Many couples make the decision to start a family and they assume that pregnancy will happen without any problem. However, this is not the case as about 1 out of every 6 couples will experience infertility.
If you are thirty-five years or older and have been doing everything possible to get pregnant for a year without success, then you should talk to a specialist for infertility diagnosis and treatment. Read on below to find out the most common fertility treatment options.
If you are having ovulation problems, you are more likely to benefit from fertility treatments. The first step in treating infertility in most cases is to deal with the underlying cause.
For example, if you have thyroid disease and this is causing hormone imbalances, the medication for the thyroid disease might help to resolve your infertility issues.
To identify your problem, the reproductive endocrinologist is going to do a full evaluation of both you and your partner. The tests are likely to include ultrasounds, hormone level assessments, and sperm analysis.
When your doctor identifies the cause of your problem, you will get recommendations for the fertility treatments that you can consider.
Most Common Fertility Treatment Options
The following are some of the most common options available.
Ovulation Induction: If you are not producing enough hormones or they are not working properly, your doctor might suggest some fertility medications that can help your reproductive system. In the event that your infertility trigger is not known, your doctor might start with ovulation induction.
Assisted Reproductive Technology (ART): This treatment is used to help produce an embryo by sidestepping the common factors that usually cause fertility issues.
The Assisted Reproductive Technologies typical use medications which include Gonal-f that replaces or supplements the FSH hormones that a woman produces naturally.
This helps the mature eggs as the development of multiple egg follicles are stimulated. In addition, some other medications might be used in order to control the reproductive cycle time.
Intrauterine Insemination (IUI): This is the least complex of the ART or Assisted Reproductive Technologies, and it involves the preparation of sperm that will be placed directly into your uterus.

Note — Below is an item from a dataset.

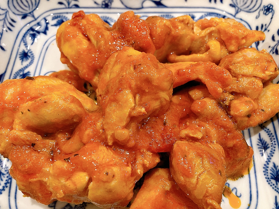 晩飯 トマトとアボカドとベビーリーフのサラダ、ウフマヨネーズ、ブロッコリーとマッシュルームのソテー、パン其の一、パン其の二、鶏のトマト煮、鶏のチーズ焼き、リンゴのジャム、Chablis Billaud Simon 2018
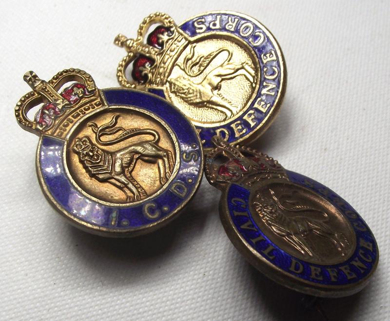 3 X British Civil Defence Enamel Badges.

Your doctor can do this procedure without anesthesia inside the office by inserting a needle or catheter inside the cervix to deliver the sperm to the right location. It is less expensive than the other ART procedures and it’s less likely to result in multiples.
In Vitro Fertilization (IVF): This treatment often comes to mind when most people think about infertility issues. IVF is a viable option to consider if other methods are not successful or if you did not qualify for IUI or ovulation induction.
For this treatment, the basic idea is for the sperm and egg to form a union and an embryo is transferred after being placed inside the uterus in the laboratory of a fertility clinic. Simply put, your eggs will be fertilized by your partner’s sperm inside a laboratory and the resulting embryo(s) will be transferred at the optimal time to your uterus in hopes that conception will take place successfully.
The IVF procedure involves three distinct stages:
1. Egg retrieval: In this process, the ovaries will be stimulated in order to release some mature eggs to be used later in the fertilization stage.
2. Fertilization: The doctor will take a sperm sample from your partner, and used it in the lab for fertilization. If fertilization is successful, the new embryo will continue to develop and divide for about three to five days inside the laboratory.
3. Embryo transfer: The embryo will be transferred after three to five days.
Intracytoplasmic Sperm Injection (ICSI): This technique is used during the fertilization process. It basically involves the injecting of one sperm into one egg with specialized instruments and a microscope. It is used more often in severe male infertility cases and might be used if the infertility cause is not known.
Surgery: If you are experiencing certain physical problems like tubal blockages, endometriosis or fibroids, surgery might be recommended. If this helps to correct the problem, your doctor can boost your chances of getting pregnant.
If you have had recurrent miscarriages or physical limitations which prevent you from carrying a child, a gestational carrier might be the best option.
This will be an individual who has no biological link to the fetus and will carry the pregnancy to full term. In this case, the gestational carrier will have a baby who is related genetically to just you or to both you and your partner.
You can talk to a fertility specialist if you need help to understand the most common fertility treatment options.